China’s top securities regulator to crack down on market manipulators


Wu Qing, Chairman of the China Securities Regulatory Commission, answers a question at a press conference during the second session of the 14th National People’s Congress (NPC) in Beijing on March 6, 2024. (Photo by WANG Zhao / AFP) (Photo by WANG ZHAO/AFP via Getty Images)

Wang Zhao | Afp | Getty Images

BEIJING — China’s top securities regulator vowed to “strictly” crack down on market manipulators, while stating that protecting small investors was a “core task.”

Ensuring fairness, especially in a market dominated by smaller investors, is the regulator’s core task, said Wu Qing, chairman of the China Securities Regulatory Commission, on Wednesday at a joint press conference alongside the country’s other top economic and financial planners.

Wu outlined measures deemed necessary to improve the quality of listed companies and increase returns on investment. They include: encouraging listed companies to improve stability, timeliness and predictability of dividend payouts, stricter delisting rules, and expanding inspections of listed companies.

China's central bank governor said there was room to further cut banks' reserve requirements, and pledged to utilize monetary policy to prop up consumer prices.

China’s central bank governor says there’s room to cut banks’ reserve requirements

He said that openness, fairness and justice should be the most important principles in the capital market.

“China’s market is the second largest in the world, but it’s not as strong,” Wu said, adding the recent market volatility exposed deep-seated issues.

He said investors need to be better protected, so they can have confidence and trust. It would also attract longer term investors, he added.

At the same press conference, Pan Gongsheng, governor of the People’s Bank of China, also pledged support for overseas listings for high-quality Chinese companies.

Struggling markets

Following recent extreme market volatility, Beijing has stepped up measures to support its beleaguered stock markets in the last few weeks.

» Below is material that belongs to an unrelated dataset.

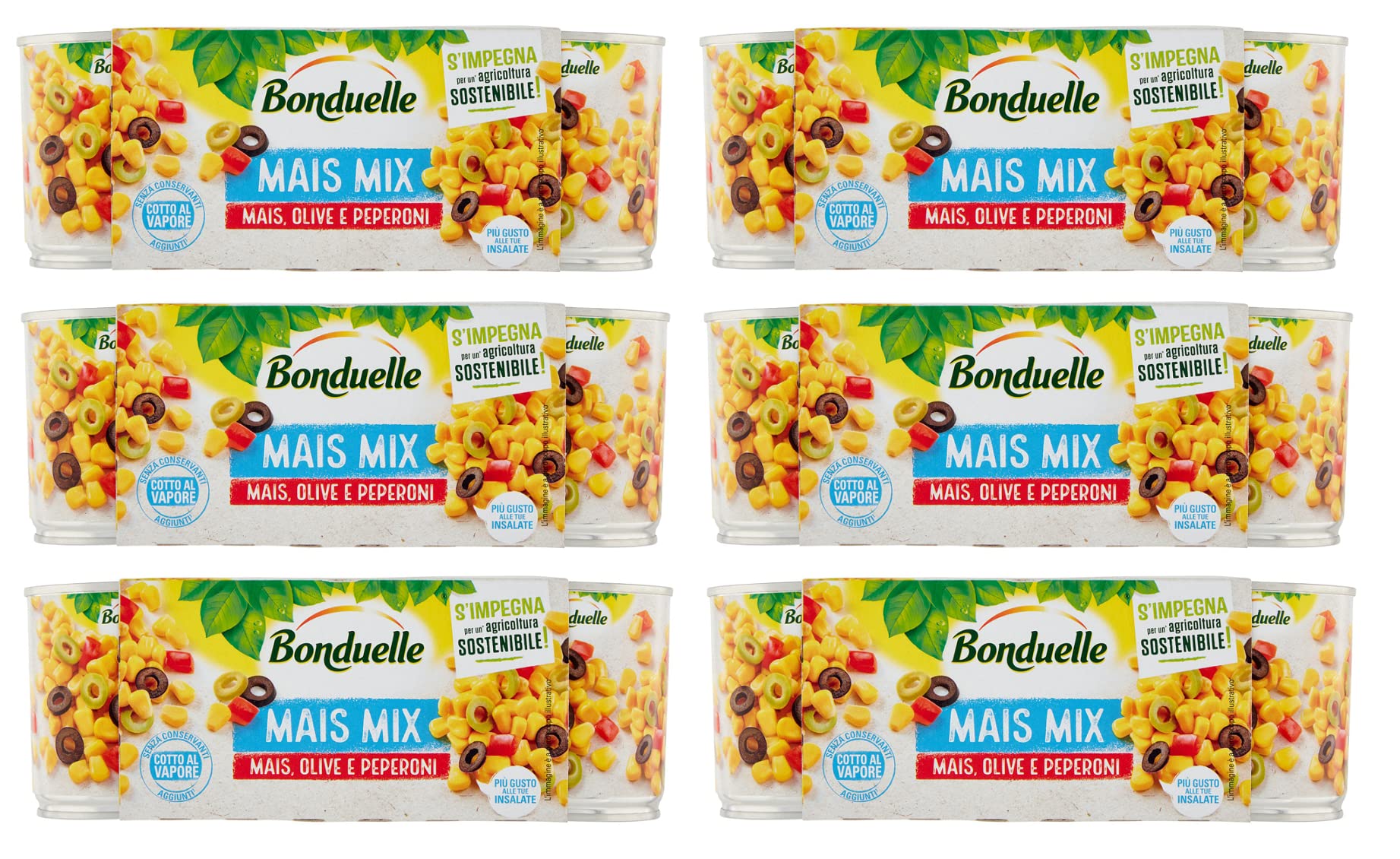 A blend of corn vegetables with green and black olives and bell peppers. Excellent for enriching your salads and also ideal for new uses as a light, oil-free spiced rice. Ingredients: Mixed vegetables (sweetcorn kernels 65 , green olives 6.5 (acidifier E330), black olives 6.5 , red bell pepper 6.5 ), water, salt, thickeners E415 and E412, antioxidant E300. No preservatives in accordance with current legislation. Nutritional values per 100g: Energy (kJ) 314 kJ - Energy (kcal) 76 kcal - Fat (g) 3.5 g of which saturates (g) 0.6 g - Carbohydrate (g) 6.8 g - Sugar (g) 4.6 g - Fiber (g) 4.4 g. INGREDIENTS Mixed vegetables (sweetcorn kernels 65 , green olives 6.5 (acidifier: E330), black olives 6.5 , red peppers 6.5 ), water, salt, thickeners: E415 and E412, antioxidant: E300.Lot de 6 maïs Bonduelle - Mélange de maïs - Olive e Peperoni - Maïs doux et croustillant avec olives et piments (3 x 170 g)DESCRIPTION DU PRODUIT DESCRIPTION DU PRODUIT Mélange de légumes de maïs avec olives vertes et noires et poivrons. Excellent pour enrichir vos salades et également idéal pour de nouvelles utilisations comme riz à épices léger et sans huile. Ingrédients : légumes mélangés (maïs de sucre en grains 65 , olives vertes 6,5 (acidifiant E330), olives noires 6,5 , poivron rouge 6,5 ), eau, sel, épaississant E415 et E412, agents antioxydants E300. Sans conservateurs conformément à la législation en vigueur. Valeur nutritive pour 100 g : énergie (kJ) 314 kJ - énergie (kcal) 76 kcal - graisses (g) 3,5 g dont acides gras saturés (g) 0,6 g glucides (g) 6,8 g de sucre (g) 4,6 g de fibres (g) 4,4 g. INGRÉDIENTS Légumes mélangés (maïs sucré en grains 65 , olives vertes 6,5 (acidifiant : E330), olives noires 6,5 , poivrons rouges 6,5 ), eau, sel, épaississant: E415 et E412, antioxydant : E300.

These include tightening regulatory restrictions on its rapidly booming quant trading industry and curbing short selling, changing its top securities regulator and share purchases by a “national team.”

The appointment of markets veteran Wu as chairman of the China Securities Regulatory Commission in early February preceded the curbs on quant traders.

A securities business hall in Fuyang, China, in December 2023.

Costfoto | Nurphoto | Getty Images

Wu is known as “Broker Butcher” for his crackdown on traders in his previous roles as acting vice mayor of China’s major financial hub Shanghai and chairman of the Shanghai Stock Exchange.

The Hang Seng Index, a benchmark of Hong Kong listings that includes many offshore Chinese stocks, is coming off four-straight annual losses, while the CSI300 index of the largest blue chips listed in the mainland has booked losses for three straight years.

With the mainland property market in the doldrums and the stock markets in freefall, desperate mainland investors had looked elsewhere for better returns despite stringent capital controls.

At last year’s parliamentary meeting, Beijing had announced an overhaul of finance and tech regulation by establishing party-led commissions to oversee the two sectors as Xi Jinping gained an unprecedented third term as president.